Originally, the assisted installer service has been load-tested by installing actual clusters on thousands of VMs. That approach has the advantage of testing the real thing - complete e2e OCP assisted installation - it gave a perfectly accurate representation of the load on the service and also helped find rare installation bugs. However, using this method is very costly and requires a lot of machines to host all these VMs. Since this amount of hardware is not always immediately available, a need arose to find a cheaper, less hardware-intensive way to load test the service, by faking agent traffic rather then performing actual installations. This has the obvious downside that it doesn't find actual rare installation bugs, but at-least it allows us to check how the service handles a lot of seemingly real agent traffic.

I considered two approaches to fake agent traffic:

  1. Complete emulation - using tools such as JMeter or Locust, or writing custom fake agents that behave like real one, then running a lot of those on a single machine.

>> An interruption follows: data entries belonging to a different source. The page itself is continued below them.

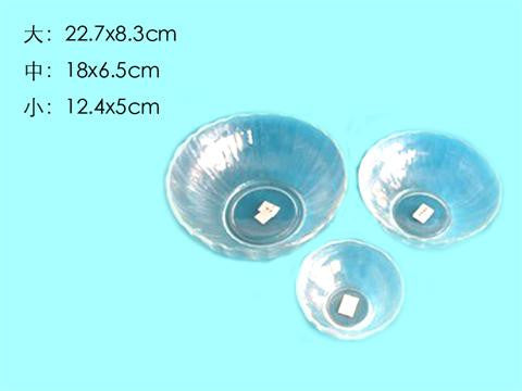 Glass bowl, wave, 3 size assort, d8.66 x h3.15, d6.54 x h2.56, d4.45 x h1.97 in
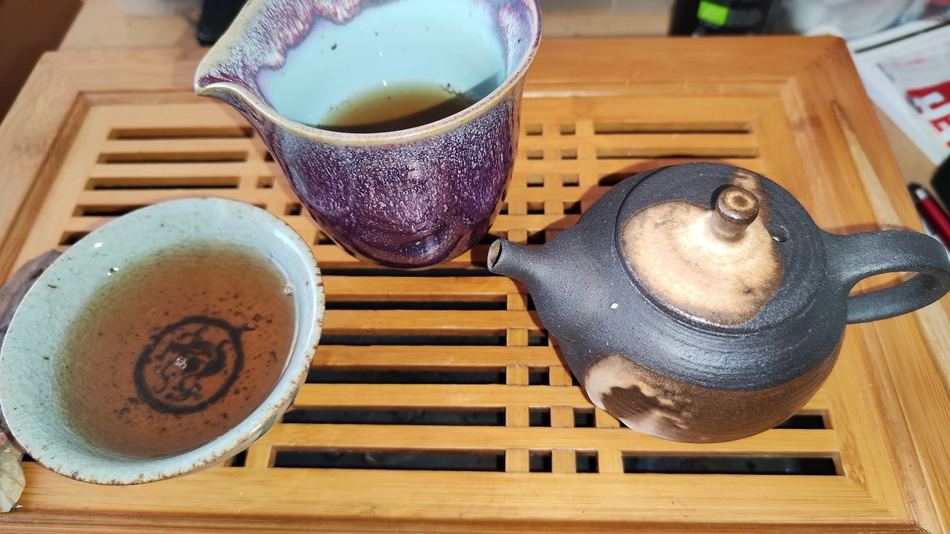 Drinking some of EoT's Zhang Hui Chun gushu (not technically 'yancha'), and thinking about the very different ways in which yancha can present itself, while enjoying the feeling and aftertaste of this one.
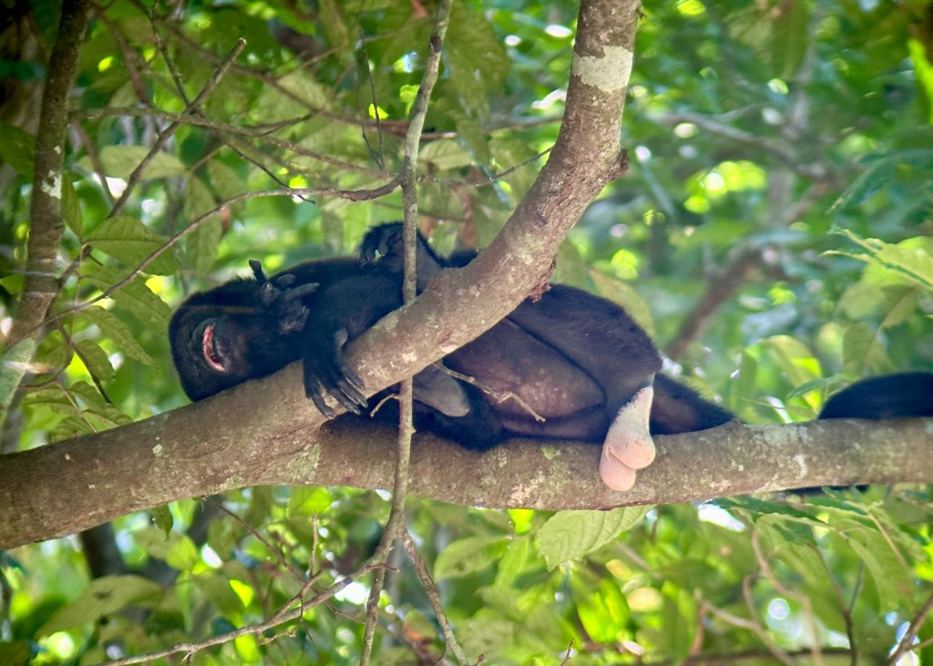 Given the space the wildlife has to roam in, it’s surprising how much chooses to hang out within sight of us tourists. But it’s not easy to spot. Fortunately, our guide Francisco was born with bionic vision and can see animals that no human eye can spot. Most of us are here above all to gawp at sloths and monkeys, but Francisco finds plenty more wildlife to train his telescope on: bats, hummingbirds, crabs, butterflies, and lizards among them. Sloths are elusive: we spot two, both fast asleep high in the canopy, their faces obscured by foliage. We must have been especially lucky sloth spotting in La Fortuna. The monkeys — capuchin, howler and squirrel — are more obliging. Capuchins chase each other through the canopy, while this howler lounges with little sense of modesty:
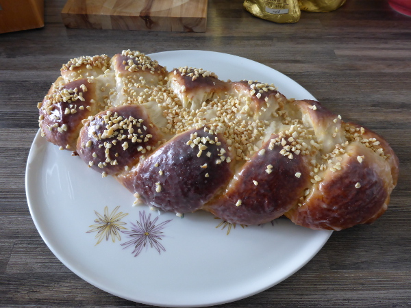 Ich würde den Zopf in Zukunft definitiv bei nicht mehr als 160° backen und lieber länger backen, auch wenn er dadurch etwas trockener wird.Der Guss
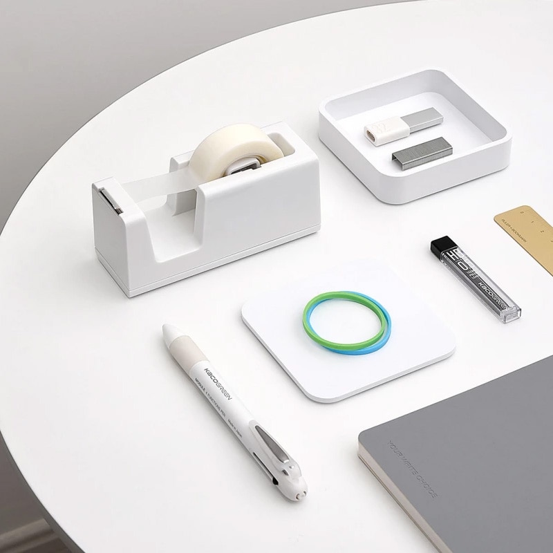 This tape dispenser is a must-have for any home or office. It's compatible with standard size tape rolls, making it easy to find replacements when you run out. The dispenser itself is easy to use and refill, making it a practical addition to your desk or workspace. And with its non-slip silicone base, you won't have to worry about it sliding around while you're using it.
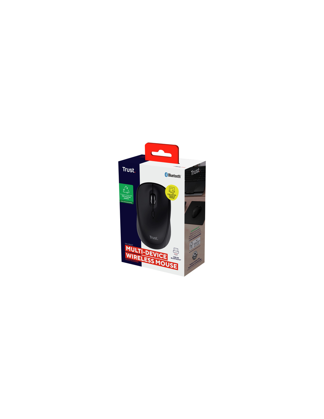 Con una valutazione Clevergreen 4*, il mouse Yvi+ è realizzato con il 75% di plastica riciclata ed è imballato con un packaging plastic-free, per lavorare in modo più sostenibile che mai.
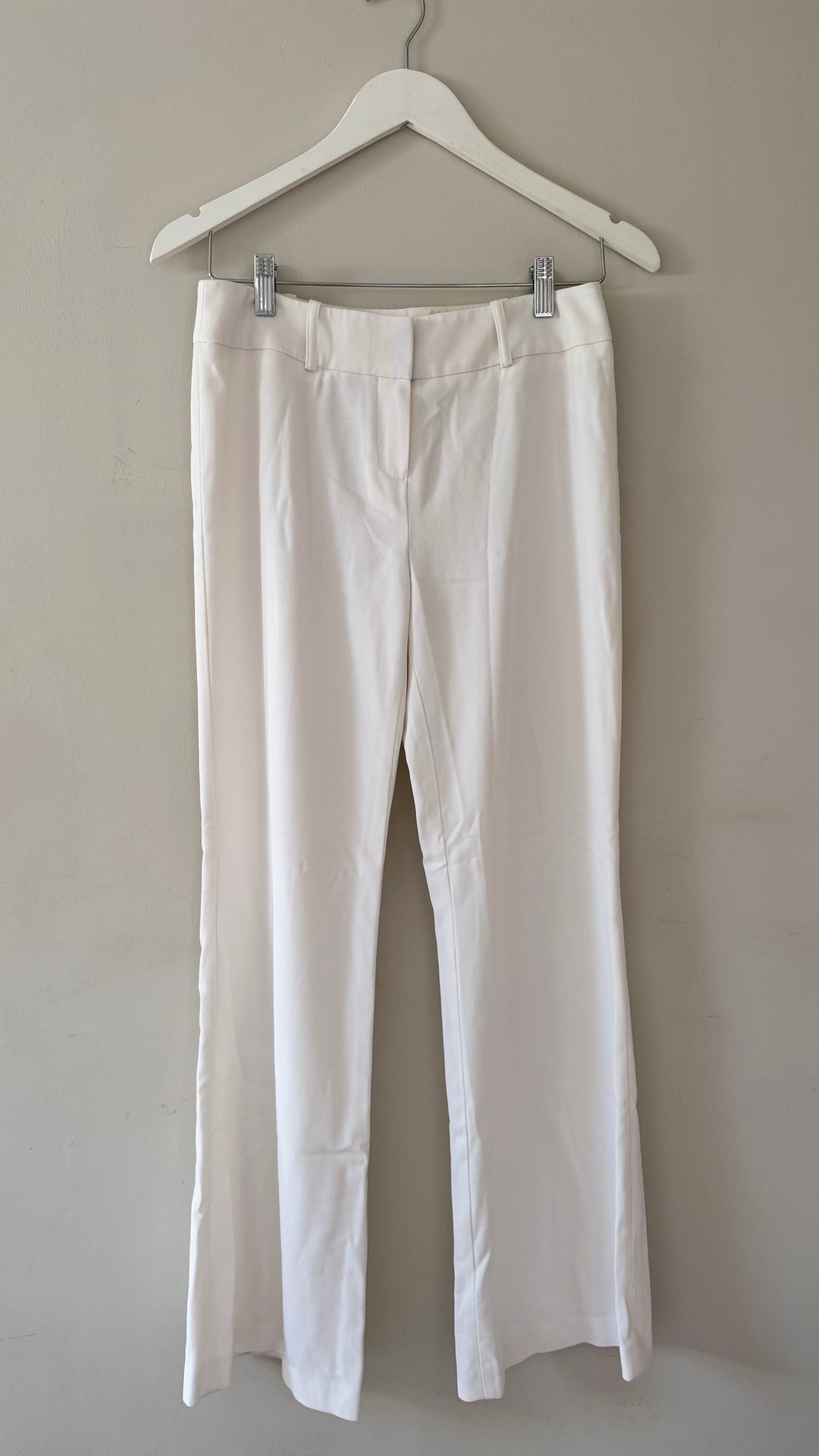 These classic white trousers offer a clean, tailored look perfect for both work and casual wear. Featuring a flattering mid-rise waist, subtle flare, and belt loops for added versatility, they bring effortless elegance to any outfit. A wardrobe essential for timeless style.
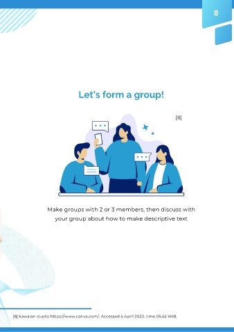 8 Let's form a group! [8] Make groups with 2 or 3 members, then discuss with your group about how to make descriptive text [8] kawalan studio https://www.canva.com/. Accessed 5 April 2023. time 05.55 WIB

  2. No-op agent - use the existing agent, as is, let it do everything it usually does - but replace destructive actions such as installation, disk wiping, etc. with no-ops. The assisted controller that runs on the cluster (the cluster which doesn't really exist in this case) will simply run locally, and will also be modified to use mocked kube-api calls that cause it to feel like it's running on an actual cluster.

Option (1) is definitely possible, but I felt it would be hard to maintain it and keep it up to date with all the API changes / agent behavior changes that will be added in the future.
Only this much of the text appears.